Небо было прозрачное, голубое, и по-прежнему в нем гудели самолеты с черными крестами на крыльях. По-прежнему падали бомбы, рвались артиллерийские снаряды, разрушая многоэтажные здания. Нисколько не помогли полоски бумаги, крест-накрест наклеенные на окна. Тротуары были усыпаны осколками стекла и щебнем. Воздушные тревоги объявлялись все реже, к сигналам отбоя никто уже не прислушивался. Многие беженцы вообще перестали выходить из подвалов и бомбоубежищ.

И тем не менее восьмого сентября произошел своего рода перелом. Накануне генерал Чума добился у начальника Главного штаба временного отстранения от занимаемой должности Умястовского и отмены его паникерского, опасного своими последствиями приказа. Тысячи вышедших из города мужчин продолжали идти вперед в неведомое по обстреливаемым с самолетов, осыпаемым бомбами шоссе, но некоторые повернули и начали пробираться обратно, к Варшаве. Как утверждал впоследствии Павел, никогда еще за свою долгую историю Варшава не притягивала к себе одновременно такие массы людей. Возвращались мужчины, радуясь возможности исправить допущенную кем-то ошибку, что очень редко случалось в этой войне, изобилующей непоправимыми приказами и ошибочными решениями. Из тюрем Равича, Серадза, Вронек, Фордона вырвались находившиеся там в заключении коммунисты, которые вместе с тысячами других добровольцев вступали в ряды Рабочих батальонов обороны Варшавы. К столице пробивались остатки разбитых воинских частей, в здании Главного штаба на улице Раковецкой появился отрезанный от своих частей генерал Юлиуш Руммель, который и возглавил армию «Варшава», созданную из уцелевших остатков «Лодзи» и подразделений, застрявших между Вислой и Пилицей. В этот переломный день, восьмого сентября, генерал Чума назначил президента столицы Стажинского комиссаром по гражданским делам при командовании обороной Варшавы. После этого локального «государственного переворота» Стажинский, как глава всех гражданских служб в столице и гражданской обороны, руководимой Регульским, выступил с обращением к населению, призывая всех занять прежние посты и должности, заверяя, что Варшава будет обороняться.

— Будет обороняться! — повторяла варшавская радиостанция. — А для обороны нужны все, все, все!

Слово «оборона» и решение продолжать борьбу наэлектризовали впавший в апатию город, точно живительный ток пробежал по всем районам, побудив к действию людей, уже смирившихся с несчастьем, не видевших никакой пользы от своего участия в рытье траншей.

Но одновременно с прибывавшими в столицу мужчинами, готовыми — будь то военные или штатские — бороться до конца, к Варшаве по приказу Гитлера спешили немецкие танковые дивизии.

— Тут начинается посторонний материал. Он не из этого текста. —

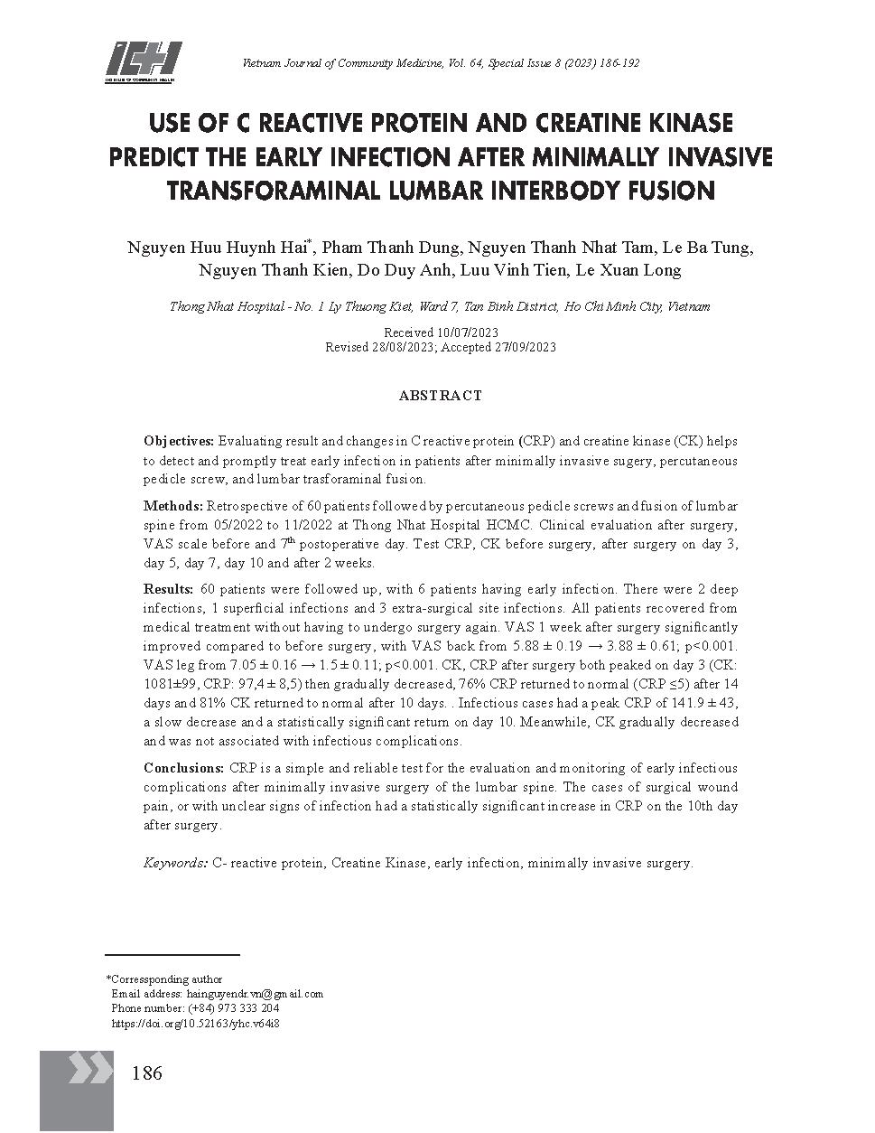 Sử dụng C Reactive Protein và Creatine Kinase dự đoán biến chứng nhiễm trùng sớm sau phẫu thuật xâm lấn tối thiểu hàn xương liên thân đốt cột sống thắt lưng
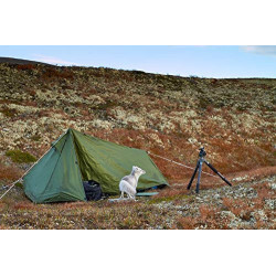 Leichtzelt mit stabilem Gestänge: 2 Stangen aus Duraluminium, Zelt mit Trekkingstöcken, Ästen oder mit 2 Abspannleinen an Bäumen aufstellbar - dieses Trekking-Zelt ist allen Herausforderungen gewachsen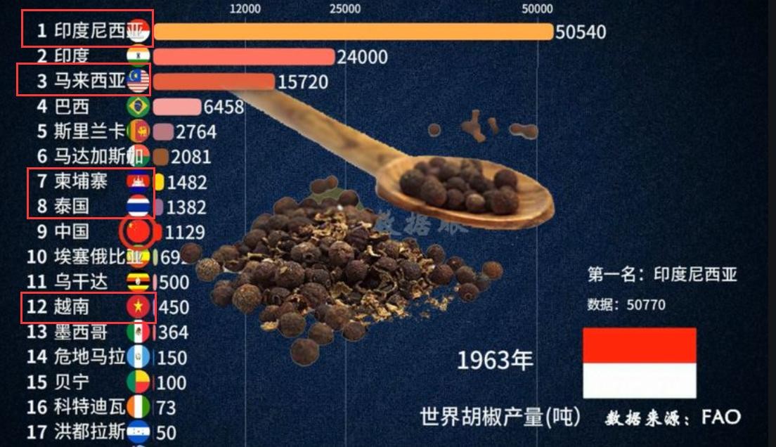 越南目前是东南亚第二大农产品出口国,经济作物有天然橡胶、黄麻、甘蔗、咖啡【图14~图15】、茶、烟叶、胡椒等,其中腰果、胡椒、咖啡、大米等商品出口在全球排名前列。越南是全球第三大木薯和木薯制品出口国,出口量仅次于泰国和柬埔寨,出口额位居全球第二仅次于泰国。中国是越南最大的木薯、荔枝等出口的第一大市场。越南是世界最大的胡椒【图16】生产和出口国,2022年,越南胡椒出口量约达22万吨,占全球胡椒总产量的55%。同时,第三大腰果生产国【图17~图18】、越南是世界第三大稻米出口国【图19~图21】、第二大咖啡豆生产国等。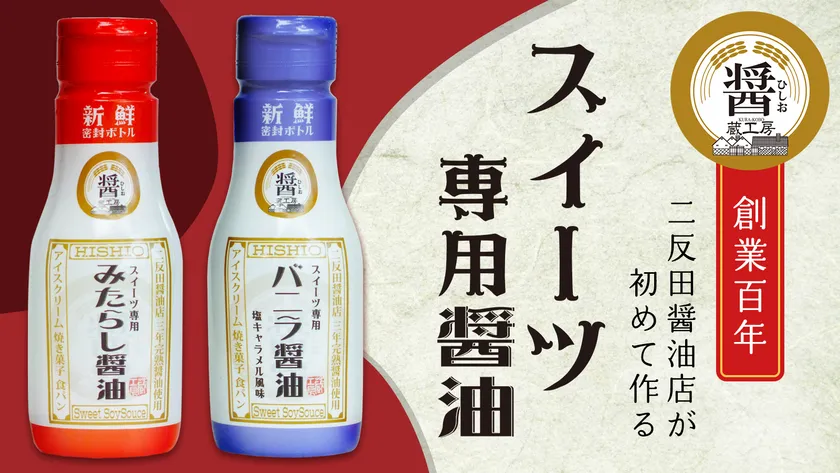 創業102年 大分県中津市の二反田醤油店が今までにない 新感覚の「スイーツ専用醤油」を開発! 洋風スイーツ「バニラ醤油」&和風スイーツ「みたらし醤油」の クラウドファンディングを10月24日まで実施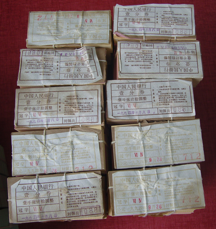 壹分 贰分 伍分整捆券 1分2分5分纸币各一捆

По направлению к Охоте и Воле двигались танки, артиллерия и моторизованные пехотные полки четвертой дивизии генерала Рейнгардта, стремившегося занять Варшаву, покинутую главнокомандующим, правительством и даже военной авиацией.

Но после отмены рокового приказа Умястовского время как бы остановилось или даже повернуло вспять. Правда, стало известно, что после героической обороны, расстреляв все боеприпасы, пал редут на Вестерплятте и майор Сухарский вынужден был капитулировать. Однако то, что тамошние солдаты стреляли до последнего патрона, служило примером, мобилизовало других, не имевших пока возможности сделать хотя бы один выстрел. На шоссейных и проселочных дорогах к мужчинам, откликнувшимся на призыв к возвращению, присоединялись санитарные и пожарные автомашины, не сумевшие пробиться на восток по забитым беженцами, подвергающимся бомбардировкам дорогам.

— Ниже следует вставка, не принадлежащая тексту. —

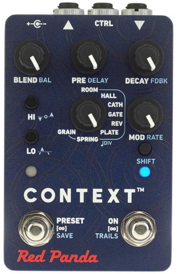 programmable (127 presets via MIDI, 1 preset embarqué) et stéréo, la RED PANDA Context 2 est une pédale de reverb inspirée des effets en rack des années 80. Elle embarque huit algorithmes incluant room, hall, cathedral, avec gate, reverse, plate, spring et granular.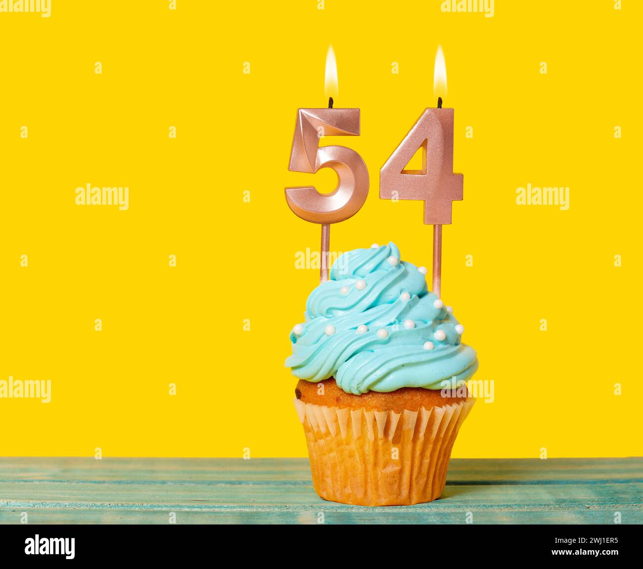 Candle Number 54 Cake Birthday in Blue Background Stock Photo Image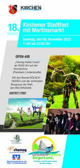 Vom Rathaus- bis zum Bahnhofsplatz verwandelt sich Kirchen (Sieg) am 05. November 2023, 11 bis 22 Uhr, zum 18. Kirchener Stadtfest mit Martinsmarkt, Ausstellungen, Nonston-Bühnenprogramm, Tag der offenen Tür und Int. Wandertag wieder in eine große Festmeile.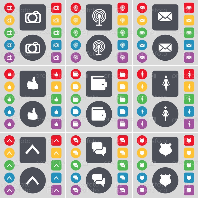 Камера, Wi-Fi, сообщение как кошелек, силуэт, стрелка вверх, чат, полицейский значок символа. большой набор плоских цветных кнопок для вашего дизайна. вектор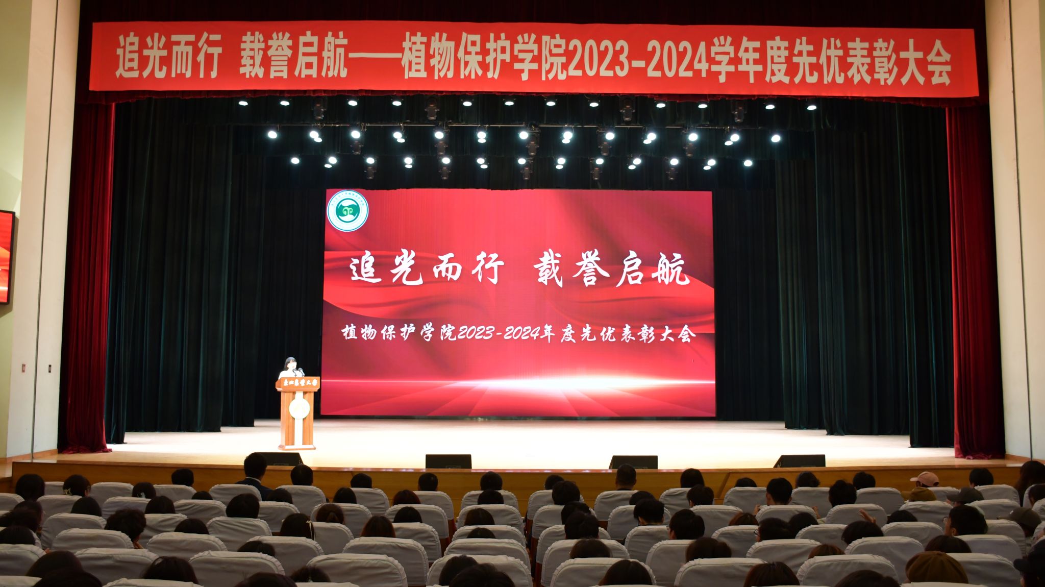 为落实立德树人根本任务,进一步在全体学生中弘扬比学赶超、奋勇争先的良好氛围。植物保护学院于5月9日在音乐厅召开“追光而行,载誉启航”植物保护学院2023-2024学年度先优表彰大会。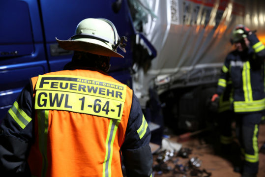 Für die Rettungs- und Bergungsarbeiten war die A5 rund eine Stunde voll gesperrt, es bildete sich ein kilometerlanger Rückstau. An dessen Ende prallten offensichtlich aus Unachtsamkeit drei Lastwagen aufeinander, dabei wurde einer der Fahrer schwer verletzt. Drei Rettungsteams und ein Notarzt waren zur Versorgung des Verunfallten im Einsatz. Die Feuerwehr aus Nieder-Ohmen musste bei diesem Unfall wieder anrücken, da erhebliche Mengen Diesel aus den verunfallten Lastwagen flossen und die Fahrbahn einem Trümmerfeld glich. Mit Bindemitteln, Besen und Schaufeln räumten die freiwilligen Feuerwehrleute erneut die Fahrbahn frei.

В этот же день Анна решила сообщить пани Ренате, что Адам в Варшаве, ранен и находится в госпитале под ее опекой. Утром он проснулся, но в таком жару, что, хотя и узнал ее, не проявил ни радости, ни удивления.

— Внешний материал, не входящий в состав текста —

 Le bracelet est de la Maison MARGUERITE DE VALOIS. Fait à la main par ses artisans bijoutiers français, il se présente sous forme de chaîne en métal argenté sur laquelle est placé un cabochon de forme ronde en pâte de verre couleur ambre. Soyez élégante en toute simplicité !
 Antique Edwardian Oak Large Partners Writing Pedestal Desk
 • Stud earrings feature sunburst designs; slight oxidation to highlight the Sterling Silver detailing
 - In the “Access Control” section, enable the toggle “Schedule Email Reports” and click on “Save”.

— Анна… — только произнес он. — Ну конечно, Анна.

Перейти на страницу:

Похожие книги

Великий перелом
Великий перелом

Наш современник, попавший после смерти в тело Михаила Фрунзе, продолжает крутится в 1920-х годах. Пытаясь выжить, удержать власть и, что намного важнее, развернуть Союз на новый, куда более гармоничный и сбалансированный путь.Но не все так просто.Врагов много. И многим из них он – как кость в горле. Причем врагов не только внешних, но и внутренних. Ведь в годы революции с общественного дна поднялось очень много всяких «осадков» и «подонков». И наркому придется с ними столкнуться.Справится ли он? Выживет ли? Сумеет ли переломить крайне губительные тренды Союза? Губительные прежде всего для самих себя. Как, впрочем, и обычно. Ибо, как гласит древняя мудрость, настоящий твой противник всегда скрывается в зеркале…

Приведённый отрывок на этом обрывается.